After that we invented all manner of ways for a sighted kid and a blind kid to do things. We played kickball, baseball, football, etc. We just figured it out. For baseball, Dean hit a ball held in his hand swinging the bat with his other hand while I played shortstop. When I batted, I tapped the plate/sidewalk to direct him and he pitched to me. Fielders and runners were imaginary, but Dean and I could see them. We broke a lot of windows, but our parents cut us some slack.

Dean attended the Faribault Braille School. My mom drove him there every Monday morning and picked him up every Friday afternoon during the school year. I remember feeling melancholy on Sunday nights knowing I would lose my playmate for five days.

But he brought things back from Faribault from his life there. He turned me on to Twins baseball. We spent hours listening on the transistor radio. He told me that if we cheered loudly at the radio they could hear us at the ballpark. I think he was making that up. I remember waking up at 4:00 in the morning of the first game of the 1965 World Series to begin our own pregame analysis, too excited to sleep.

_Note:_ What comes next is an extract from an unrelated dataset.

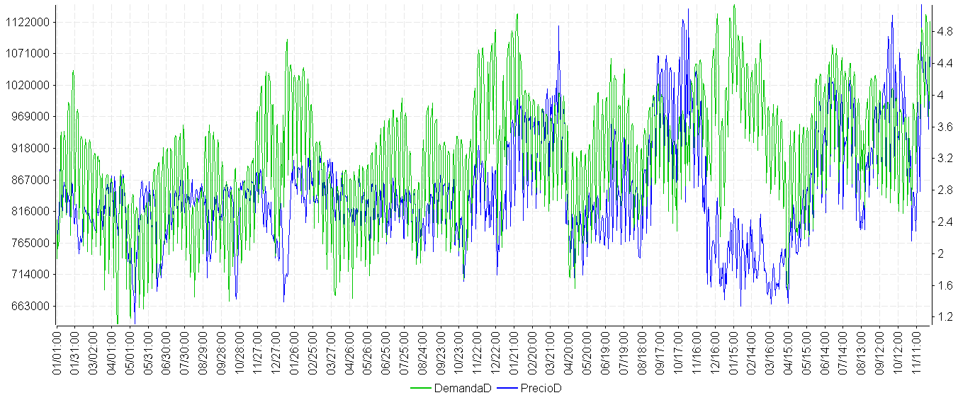 // demanda eléctrica y de precios de la electricidad en fechados, TimeSet,
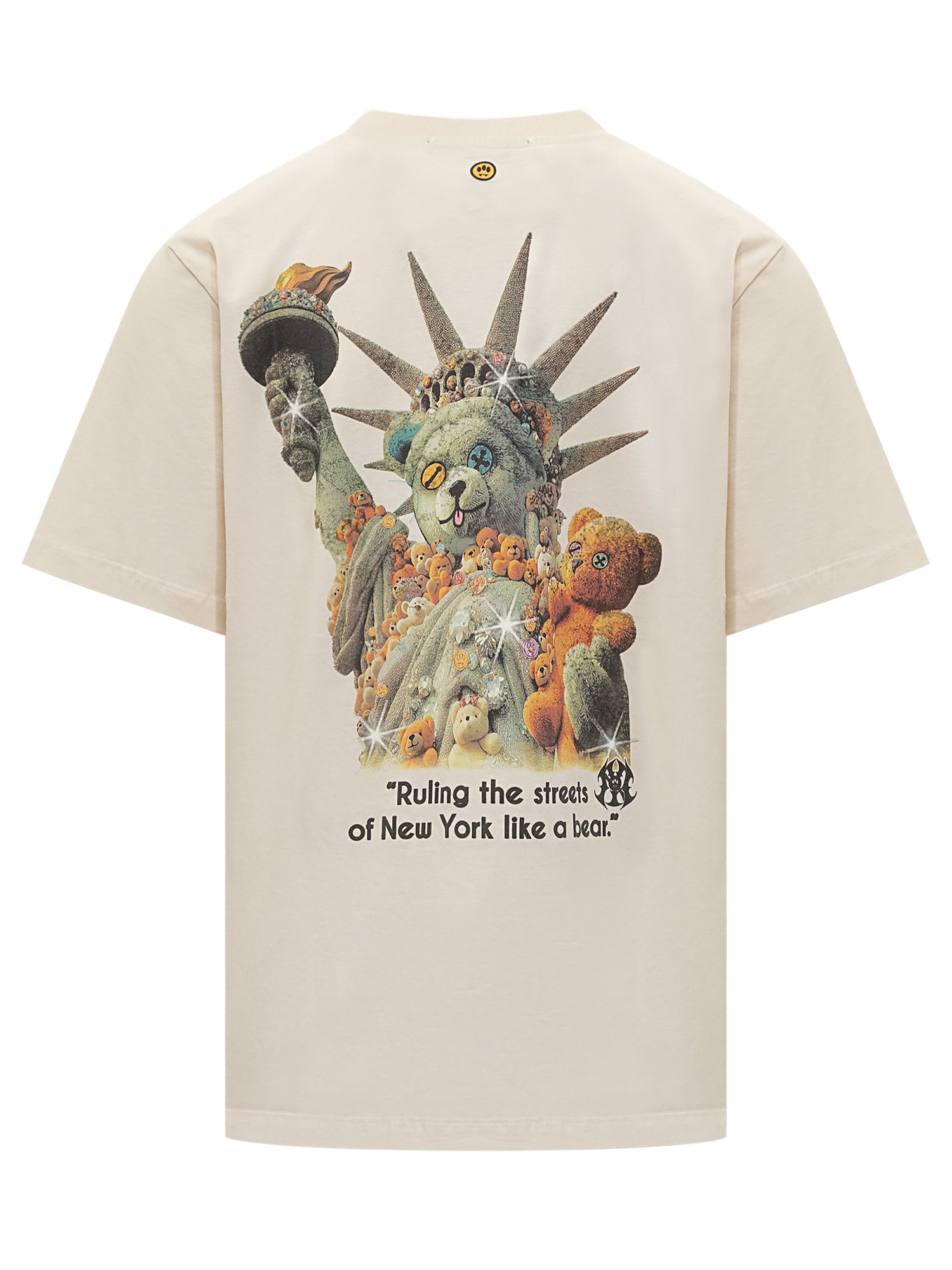Beige cotton T-shirt with Barrow Hall of Fame text on the chest. Oversized fit and minimal design for a refined streetwear vibe.

He found the music of the sixties before me. I grew up with old-time music on the barn radio. Dean was cooler than his brother. He introduced me to the Beatles and Jefferson Airplane. Music came to be important to Dean. He was gifted musically and learned to play piano, guitar, and trumpet.

Besides finding ways to play, Dean had chores to do in the barn. We were in 4-H together. We completed the sacraments at St. Mary’s. Those were ways Dean could be in the sighted world. I also spent time in his world. I learned to read Braille. We listened to reel-to-reel “talking books” Dean got from the Library of Congress. He taught me how to use echoes and sound to make my way around a room with my eyes closed.

Didn’t everybody have a family member who took out his artificial eyes at night and put them back in the next morning? At the time, none of it seemed unusual, just a couple of kids on a farm growing up.

Dean was an A student. As he grew into his teens he began to talk about what he would do as an adult. It would have been fascinating to find that out. He would be sixty this year, and I still wonder about the things he would have accomplished if given the chance.